Went out today and caught two bucket mouths. One 15" and the other was 17". My lure of choice was Yum wooly craw in black neon.


----------



## OZZIEOHIO (Dec 25, 2007)

caught a 3.8 pound bass today on a spinnerbait. Fire tiger with gold leafs


----------



## FISHIN216 (Mar 18, 2009)

those who caught them. what part of Ohio are you guys fishing? my pond just thawed. I tried a half ounce jig with a craw trailer cause I saw one go into some leaves. thing was huge too. didnt get a bite though


----------



## jwardy21 (Feb 27, 2009)

I live in south central ohio...Chillicothe (about 50 miles south of columbus). I fished two run offs into the water thinking the rain water would be warmer and they would be sitting there. i don't know if was true but that's where I caught'em...


----------



## Marshall (Apr 11, 2004)

Fished a public pond yesterday that the ice just came off of a few days ago. The wind blew some muck to the edge of the shallow end so i said what the heck. I tossed my jig on top of the muck and slowly drug it across and to my suprise a nice bass busted through the muck and ate the jig. Those warm days must have fired them up, the cold water didn't seem to slow them down at all. Just goes to show that sometimes thinking outside the box will give a nice return.

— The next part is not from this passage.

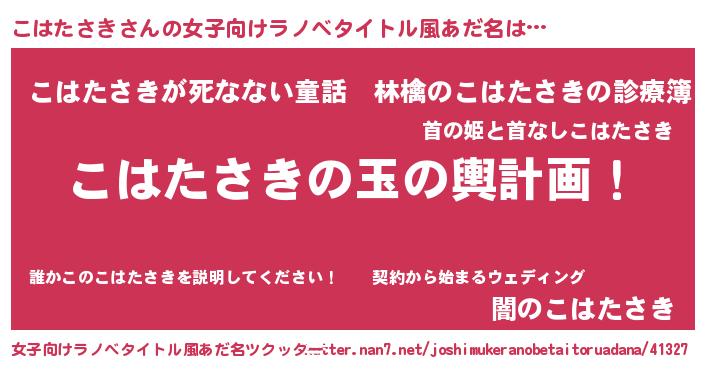 | 男性向けラノベタイトル風あだ名 | 『こはたさき~年齢イコール彼女いない歴の魔法使い~』 |

Gotta love small ponds and a few warm days this time of year.


----------



## OZZIEOHIO (Dec 25, 2007)

Caught 4 on Tycoon 3 days ago and 2 on Lake snowden yesterday. Alot of people were catching them on Tycoon, one guy had a 6 pound bass. He caught it on live minnows fishing for Crappie.


----------



## Cw_Angler_11 (Apr 11, 2006)

Got a 16 inch LM yesterday on a shad rattle trap.


----------



## Luns (Feb 10, 2010)

Where are the pics guys????


----------



## OZZIEOHIO (Dec 25, 2007)

I took pic with my cell pone but dont know how to get tyhem on here.


----------